I used to have a case with only one fan, but the entire inside of that case had gotten so hot that some of the internal computer components housed within failed. The last time I checked the entire interior of that case exceeded 75 degrees Celsius/167 degrees Fahrenheit!
And that was at a time when I had a 2MB PCI video card, a P133MHz (not even a PII!) processor with only 32MB of EDO memory (not even SDRAM!), a 540MB 3600RPM HD, a 2X CD-ROM drive (no DVD or CD-R/RW drive), and *coughMicrosoftcough* Windows 3.1!
Which comes to show you that some of the one-fan cases are poorly designed.

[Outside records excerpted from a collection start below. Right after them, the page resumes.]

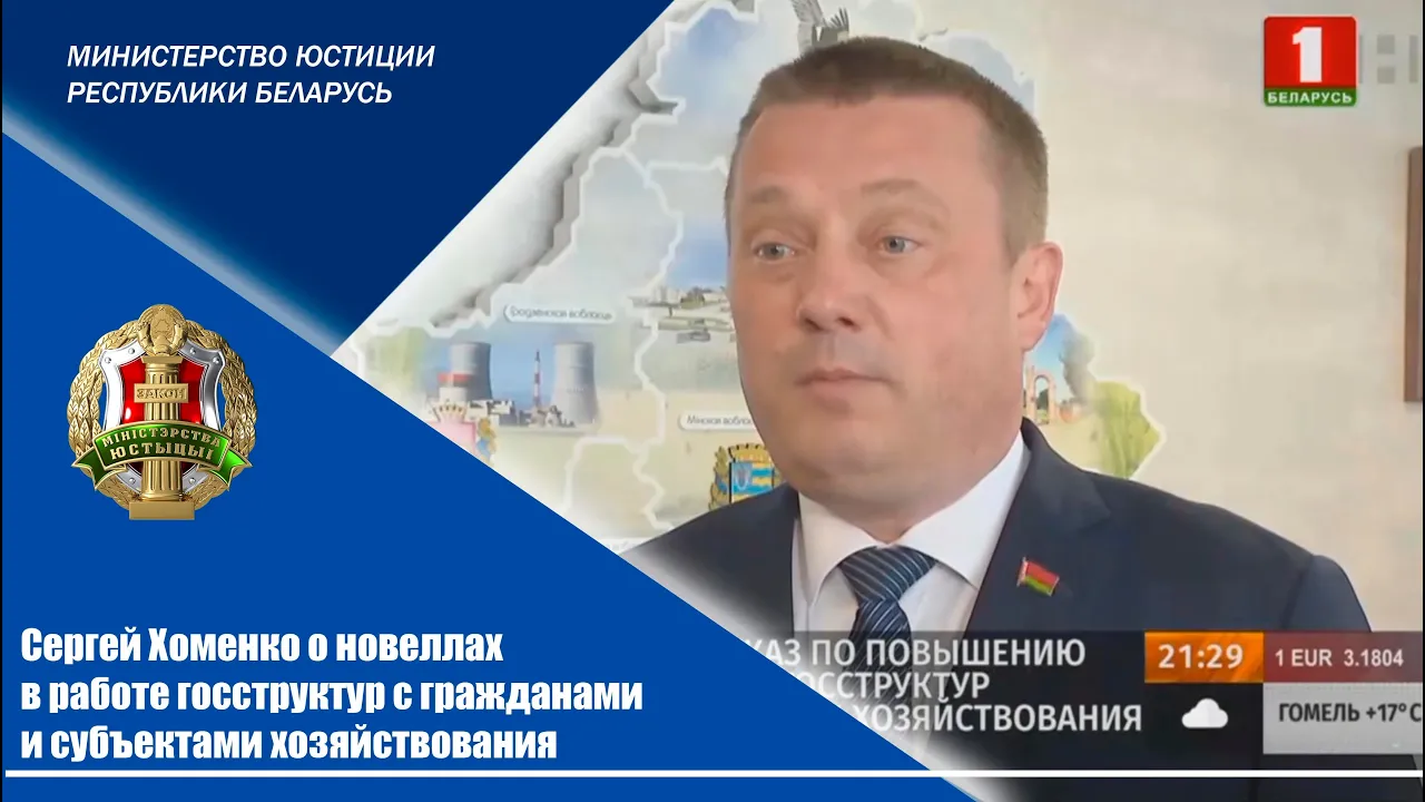 02:06Сергей Хоменко о новеллах в работе госструктур с гражданами и субъектами хозяйствованияМинистерство юстиции Республики Беларусь08.07.2023
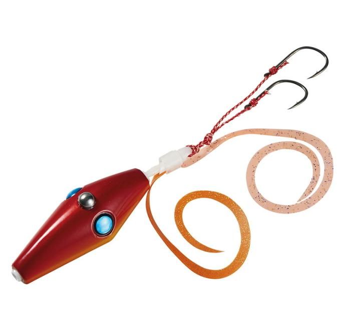 巻き抵抗を軽減するだけでなく、スリムで前後に延ばされたボディは、ネクタイの絡みも大幅削減。タッチ&ゴーをより確実なものとするタングステンセンサーによりボトムコンタクトをセンシティブにアングラーに伝えます。ユニットには、ハイスピードツインカーリーとワンサイズ大き目のフックを標準装備。掛けタイラバや、イワシベイトなど早いテンポで行うタイラバゲームに最適です。
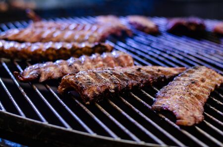 Close up of beef ribs on barbecue grill. Barbecue concept.
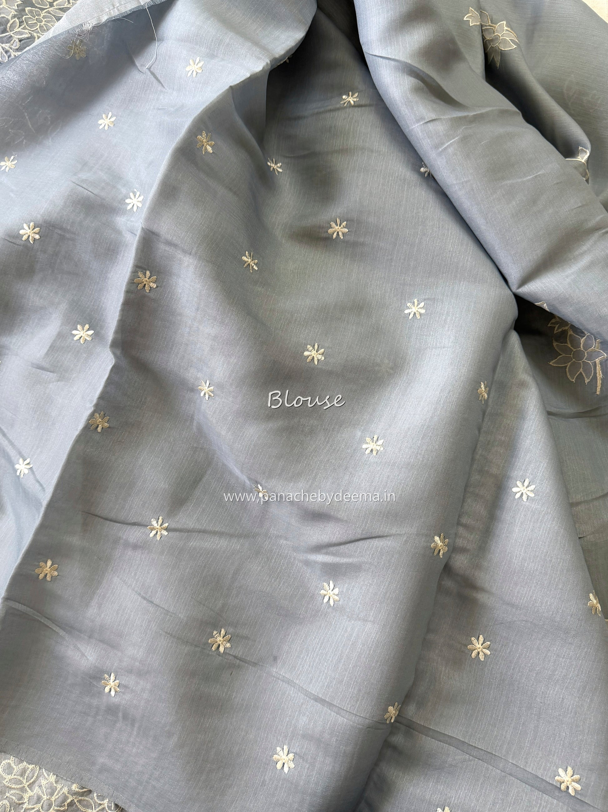 Semi tussar applique cut work saree with scalloped borders | Slate blue| SOT1
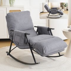 ロッキングチェア リラックスチェア 背もたれ多段階調節可能 足部分多段階調節可能 頑丈 耐久 座り心地よい 揺れる椅子 読書椅子 床を傷つけない 組み立て簡単 屋内用 リビングルーム用 ベランダ用 リラックス 一人暮らし ふわふわ 通気性 【DARK GRE

Anywhoo, my *current* case is a side-open and tool-less case that originally shipped with no fan whatsoever other than the *noisy* one within its 250W PSU - and there is a gaping hole in the rear of the case to accomodate an 80mm fan. I have added an 80mm fan (installed in that gaping hole in the rear of the case, and oriented to blow air
outward instead of inward) - and with my current system being a PIII-700 with 256MB of SDRAM on a 440BX-chipset-based motherboard, a Radeon 64MB DDR AGP card, a 40GB 7200RPM HD, both an 8X/40X DVD/CD-ROM drive and a 24X/10X/40X CD-RW drive, and now a 300W PSU with a much quieter fan (my PIII-700 processor is a "retail-boxed" processor with its own fan and heatsink), my system (at motherboard level) barely exceeds 27 degrees Celsius/80 degrees Fahrenheit. And these days, my OS of choice is either Windows 98SE or Windows ME.